The National Economists Club is a nonprofit, nonpartisan, tax-exempt educational organization. It aims to encourage and sponsor discussion and an exchange of ideas on economic trends and issues that are relevant for public policy.
The NEC was founded in 1968 in Washington, DC by a group of economists including Murray Weidenbaum, John W. Kendrick, James Tobin, Penelope Thunberg, and the late Herbert Stein, who served as the Club’s first President.
The Club draws members from business, finance, government, international institutions, foreign embassies, think tanks, trade associations, and legal and accounting firms. Indeed, the Club welcomes as members anyone with a professional interest in economics. The NEC currently has more than 500 members of whom approximately 100 reside outside the metropolitan Washington, D.C. area and overseas.

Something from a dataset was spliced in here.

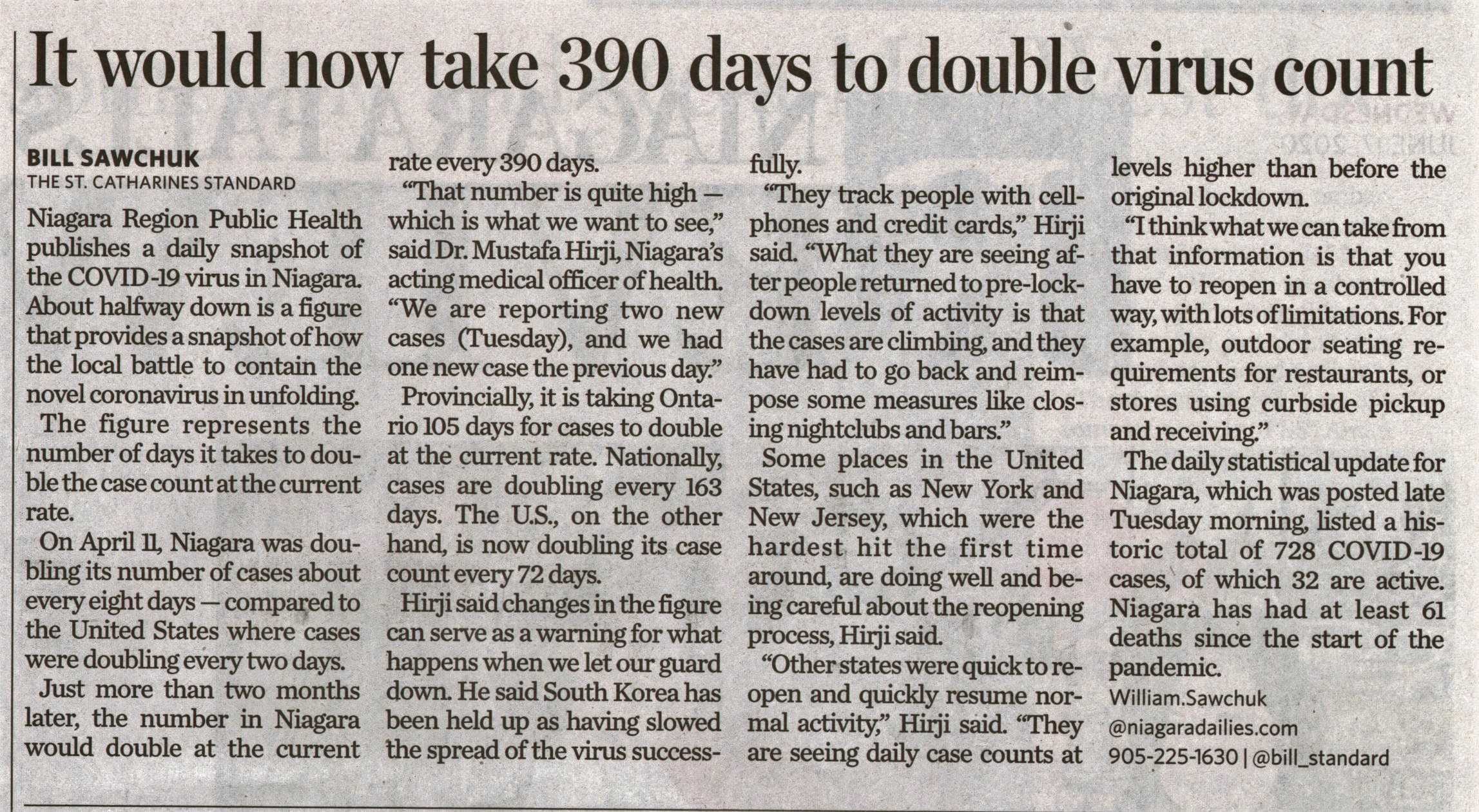 - Niagara Region Public Health / COVID-19 pandemic / Hirji, Mustafa Dr.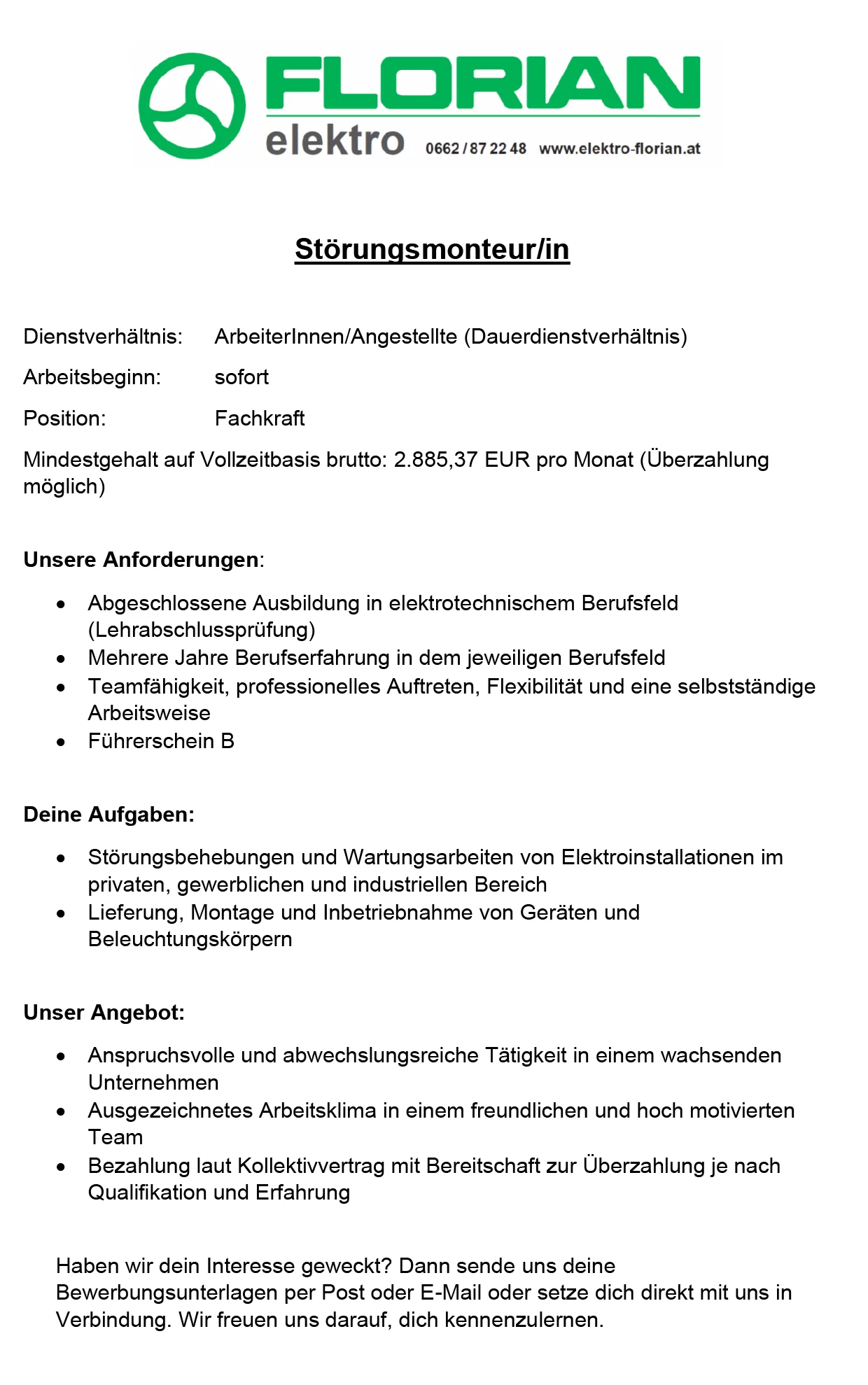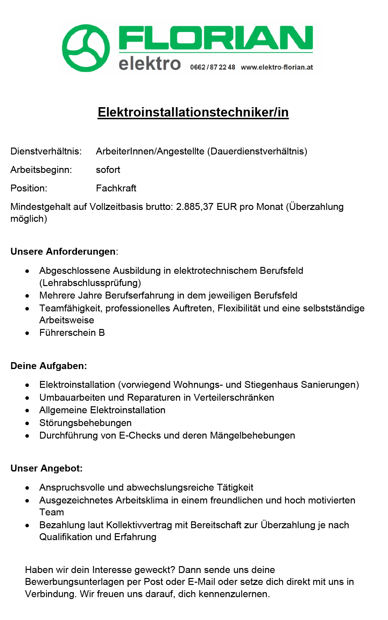 Ihre Bewerbung senden Sie an: office@elektro-florian.at

The Club strives for variety, balance, and timeliness in its programs. Recent speakers included members of the Council of Economic Advisers, chief economists of financial firms, members of the Federal Reserve Board, officials of international institutions, university economists, and senior business executives. In February 2005, the NEC became the Washington Chapter of the National Association for Business Economics (NABE). Besides NABE, the NEC regularly engages in joint activities with the Society of Government Economists (SGE) and the Committee on the Status of Women in the Economics Profession (CSWEP).